这可以唬住一部分人,可仍旧存在风险,很可能会被人挑战。我们需要细节,一些独一无二的细节,以证明在得奖之前我们就对莫迪亚诺无比熟稔。

 

可大热作品意味着大俗,挑选特别冷门的作品又显得有些做作。最关键的是,我们不可能在短时间内通读,也不愿意花费时间成本在这上面。

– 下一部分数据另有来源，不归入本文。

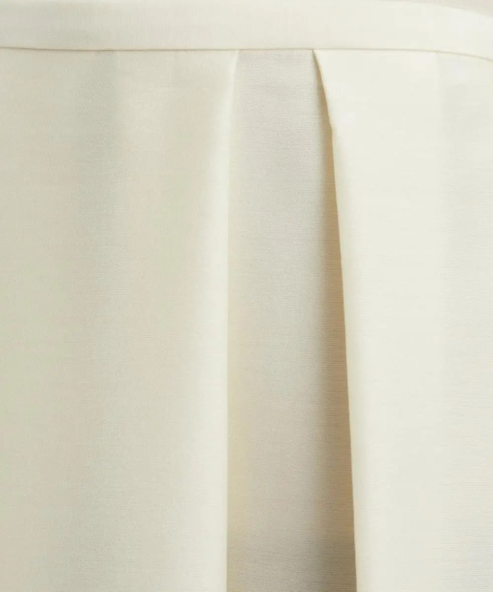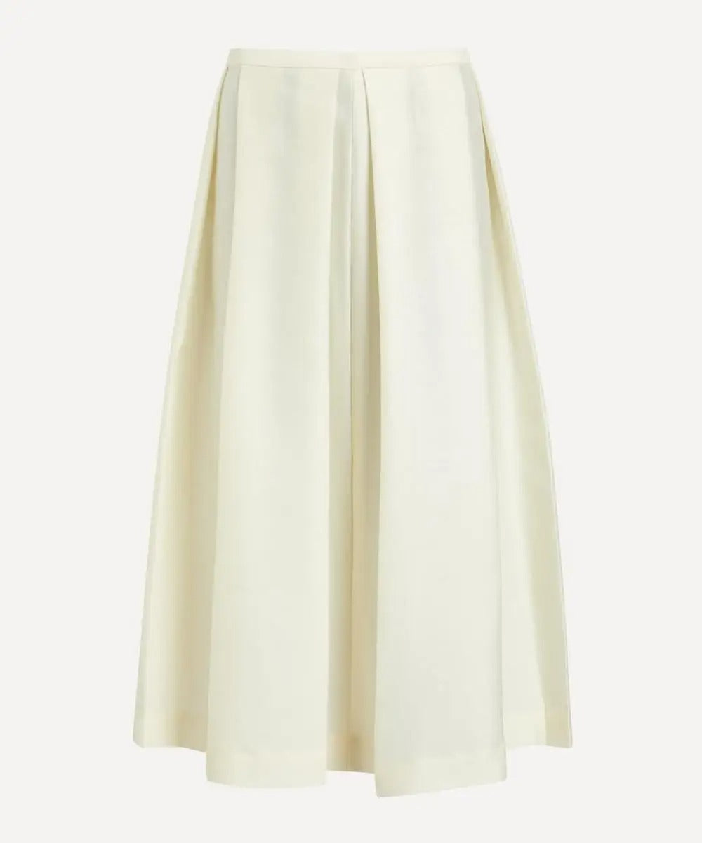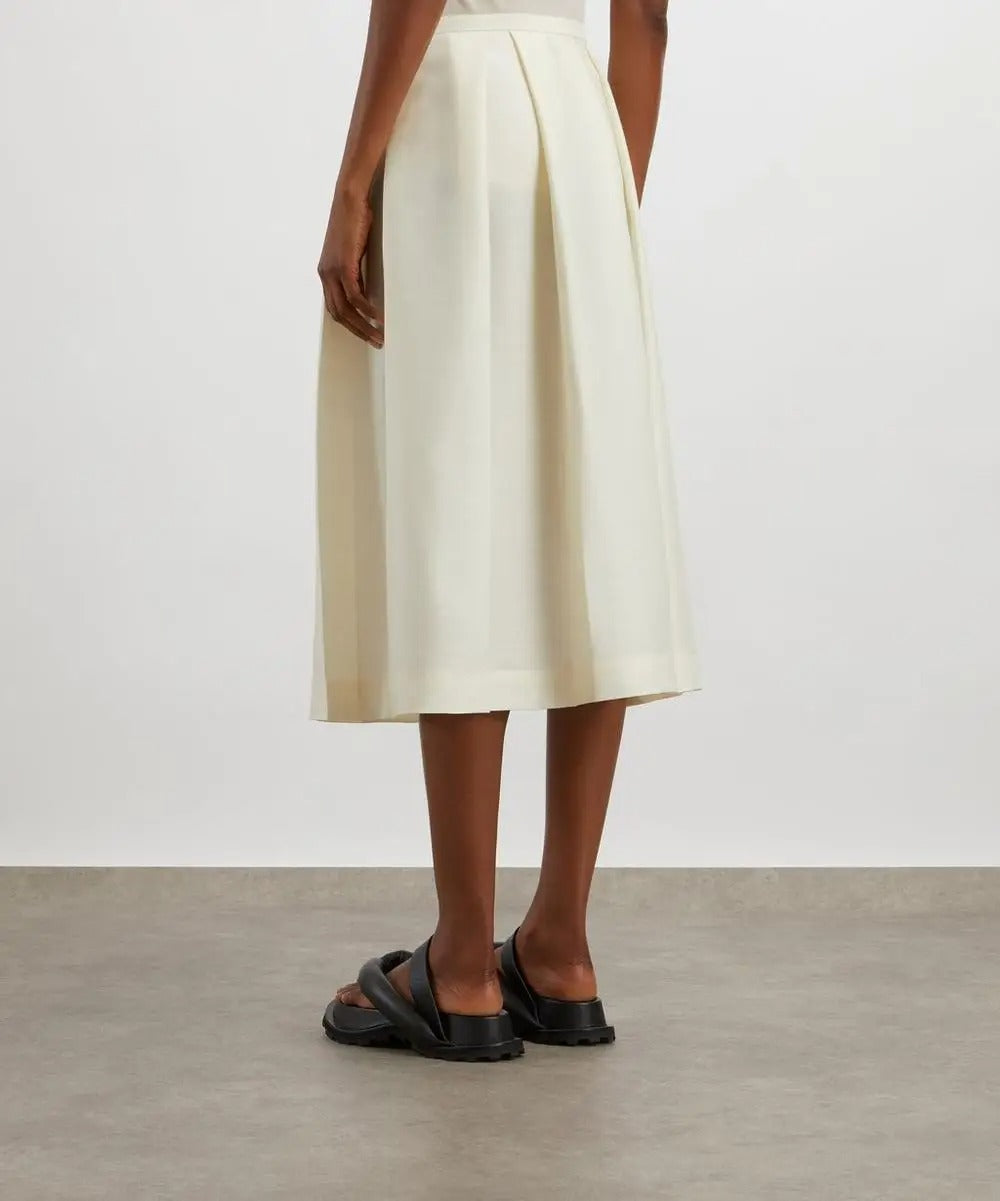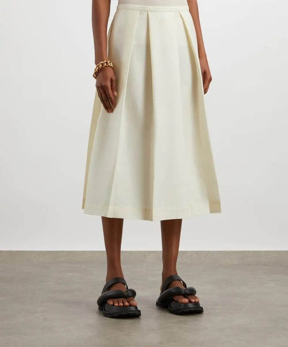 Ta damska spódnica została wykonana z gładkiej, tkanej tkaniny i ma średni stan oraz rozszerzany krój o długości midi. Model posiada zakładki z przodu, które nadają całości uporządkowaną i równomierną formę. Spódnica utrzymana jest w jednolitej kolorystyce i ma staranne wykończenie w pasie.

这也没关系,可以谈谈莫迪亚诺作品的开头。任何一句平淡无奇的话,只要你说这是一部经典作品的开头,观众会自动脑补出它的魅力。

 

《夜半撞车》的开头是这样的:“在我即将步入成年那遥远的日子里,一天深夜,我穿过方尖碑广场,向协和广场走去。”

 

我们可以啧啧称赞:“即将步入成年的遥远的日子里”这是多么深沉而忧伤的句子啊,活像《活着》开头那句“我比现在年轻十岁的时候。”它们的气质都是相同的。

 

再比如《青春咖啡馆》:“那家咖啡馆有两道门,她总是从最窄的那扇门进出,那扇门人称黑暗之门。”

 

如果你实在想不出来怎么评价这个开头,索性把问题留给听众:“你们在谈论莫迪亚诺?是啊,我也知道他,咱们不妨谈谈《青春咖啡馆》的那个经典开头吧。我在巴黎十六区的小书店里偶尔翻到第一页,就再也移不开视线了——你是怎么想的?”

 

我打赌百分之九十的人会就此败退,不敢再对你有任何质疑。

 

对了,除了开头,莫迪亚诺还有一个好处:他曾经写过一个剧本,还拿了奥斯卡奖。

 

这是一个绝妙的突破口,当我们谈论一个人又要显得很高端时,一定不要用力去谈及他的本身专业,要谈论他的其他成就,四两拨千斤。对李叔同,与其说他的佛法造诣,不如讲讲芳草地碧连天的翻译八卦;对海明威,多讲讲他那杆猎枪的双扳机构造;对君特格拉斯,谈论他的文学作品并不时髦,时髦的是赞扬他的画作和雕塑。

 

对莫迪亚诺也是如此。他的那部电影叫《Lacombe Lucien》(切忌写中文译名),导演是法国新浪潮著名人物路易·马勒,这是他离开法国前的最后一部电影。这部电影的内容很简单,讲一个叫LacombeLucien的法国农民孩子,在纳粹占领期间,本来打算参加反抗军,结果阴差阳错为纳粹服务,乐此不疲,可又偏偏爱上一个犹太女孩,被迫面临矛盾抉择……

 

OK,了解到这里也就差不多了。只要你稍微做一点功课,就会知道莫迪亚诺很热衷于二战背景的创作,又是一个身份发生危机的“海滩人”,这在他很多作品里都有体现。

 

然后要这么说:

 

“很多年前我去法国出差,在一个叫第戎的小镇中转,百无聊赖中,我进了一家小电影院。电影院里只有两三个人,放的还是老片子。我记得片名叫做《LacombeLucien》,讲的是一个法国少年在纳粹和犹太爱人之间的纠葛。那种苦闷与彷徨,那种试图解决自己身份危机却总落回矛盾的挣扎,让我十分触动。电影结束后放出字幕,我才惊觉这是帕特里克的作品。原来我与他作品的相识,居然是那么早的事情了。走出影院,恰逢小雨飘落,我在夜色中看到了《夜巡》,看到了《缓刑》。小说和剧本并没有本质区别,我看到的,是他一直以来试图唤起对最不可捉摸的人类命运之记忆的努力。”

 

最后这句是诺贝尔评委的原话,但说得要轻,要表现得好像评委在评价你和莫迪亚诺似的。

 

不过,毕竟莫迪亚诺不是莫言,攀亲认熟难度很高,谈论往往点到为止,不会持续太久。你可以用一个适用于任何一届诺贝尔奖的高规格结尾,来结束这次谈话。

 

“嗨,怎么说呢,诺贝尔文学奖就是个奖罢了,它取代不了文学本身。作品因为得奖才获得关注,这也算是这个物质和娱乐至上时代的悲哀吧。”